● What needs to be done:
Take the line with "Стильный диван для" and every line after it, through the end of the listing, and give them again exactly, pictures excluded.

● Data provided:
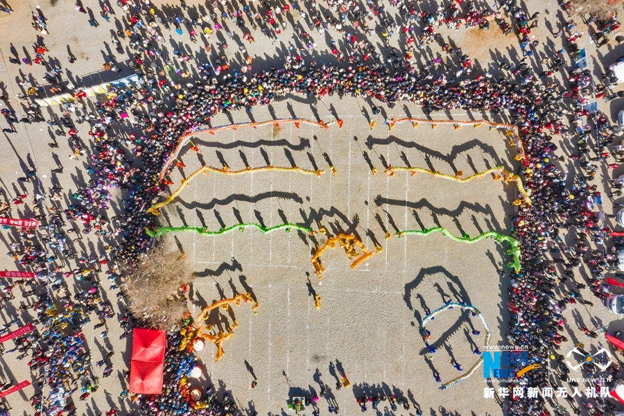 3月14日,甘肃省张掖市民乐县现代丝路田园综合体中心广场举行的舞龙表演。新华网发(成林 摄)
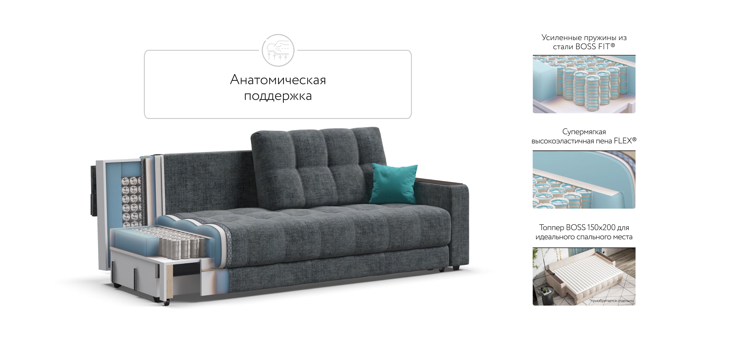 Стильный диван для тех, кто ищет максимальный комфорт. Продуманный до мелочей диван BOSS сочетает в себе надежный каркас, мягкие ткани, многофункциональность и быструю сборку за 1 минуту без инструментов - ощутите комфорт у себя дома!
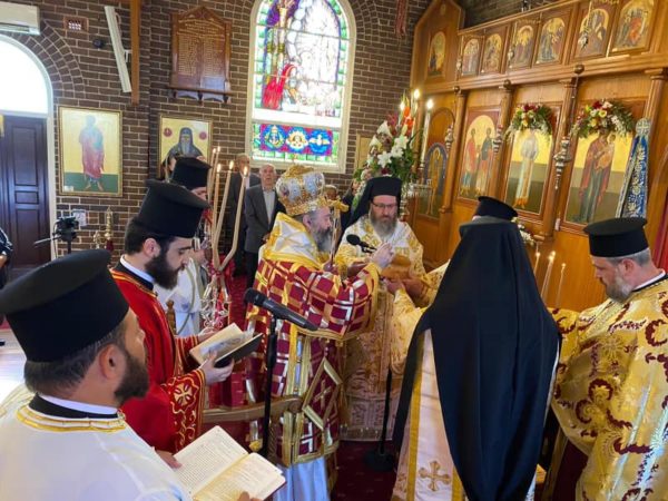 Την Κυριακή, 27 Δεκεμβρίου, ημέρα που η Εκκλησίας μας τιμάει τη μνήμη του Αγίου Πρωτομάρτυρος και Αρχιδιακόνου Στεφάνου, ο Σεβασμιώτατος Αρχιεπίσκοπος Αυστραλίας κ. Μακάριος μετέβη στον πανηγυρίζοντα φερώνυμο Ιερό Ναό στο Hurlstone Park του Σύδνεϋ, όπου χοροστάτησε κατά την Ακολουθία του Όρθρου και προεξήρχε της Θείας Λειτουργίας, συλλειτουργούντων των Θεοφιλεστάτων Επισκόπων Μιλητουπόλεως κ. Ιακώβου και Κυανέων κ. Ελπιδίου.
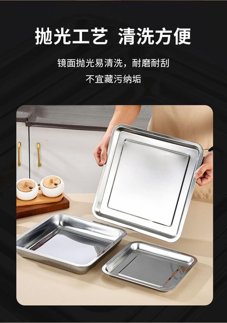 Jin Jiada 스테인레스 스틸 스퀘어 플레이트 플랫 하단 바베큐 플레이트 만두 플레이트 멀티 사용 스퀘어 플레이트 두꺼운 스퀘어 플레이트
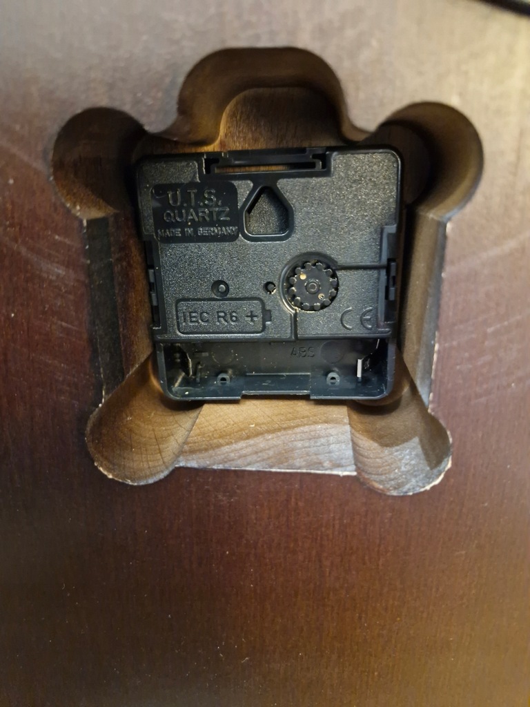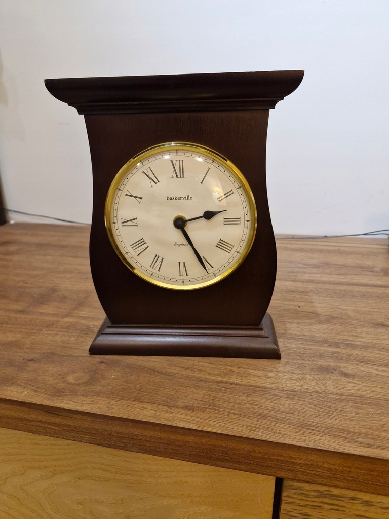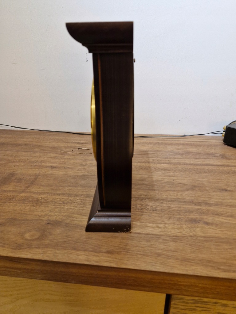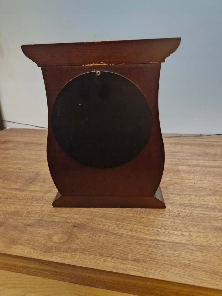 Bardzo ładny zegar angielski. Sprawny, mechanizm cichy, pasuje bateria AA z tym, że trzeba ją odpowiednio ustawić. Tarcza papierowa, nieznaczne ślady zarysowań.

● The answer:
 Стильный диван для тех, кто ищет максимальный комфорт. Продуманный до мелочей диван BOSS сочетает в себе надежный каркас, мягкие ткани, многофункциональность и быструю сборку за 1 минуту без инструментов - ощутите комфорт у себя дома!
 Την Κυριακή, 27 Δεκεμβρίου, ημέρα που η Εκκλησίας μας τιμάει τη μνήμη του Αγίου Πρωτομάρτυρος και Αρχιδιακόνου Στεφάνου, ο Σεβασμιώτατος Αρχιεπίσκοπος Αυστραλίας κ. Μακάριος μετέβη στον πανηγυρίζοντα φερώνυμο Ιερό Ναό στο Hurlstone Park του Σύδνεϋ, όπου χοροστάτησε κατά την Ακολουθία του Όρθρου και προεξήρχε της Θείας Λειτουργίας, συλλειτουργούντων των Θεοφιλεστάτων Επισκόπων Μιλητουπόλεως κ. Ιακώβου και Κυανέων κ. Ελπιδίου.
 Jin Jiada 스테인레스 스틸 스퀘어 플레이트 플랫 하단 바베큐 플레이트 만두 플레이트 멀티 사용 스퀘어 플레이트 두꺼운 스퀘어 플레이트
 Bardzo ładny zegar angielski. Sprawny, mechanizm cichy, pasuje bateria AA z tym, że trzeba ją odpowiednio ustawić. Tarcza papierowa, nieznaczne ślady zarysowań.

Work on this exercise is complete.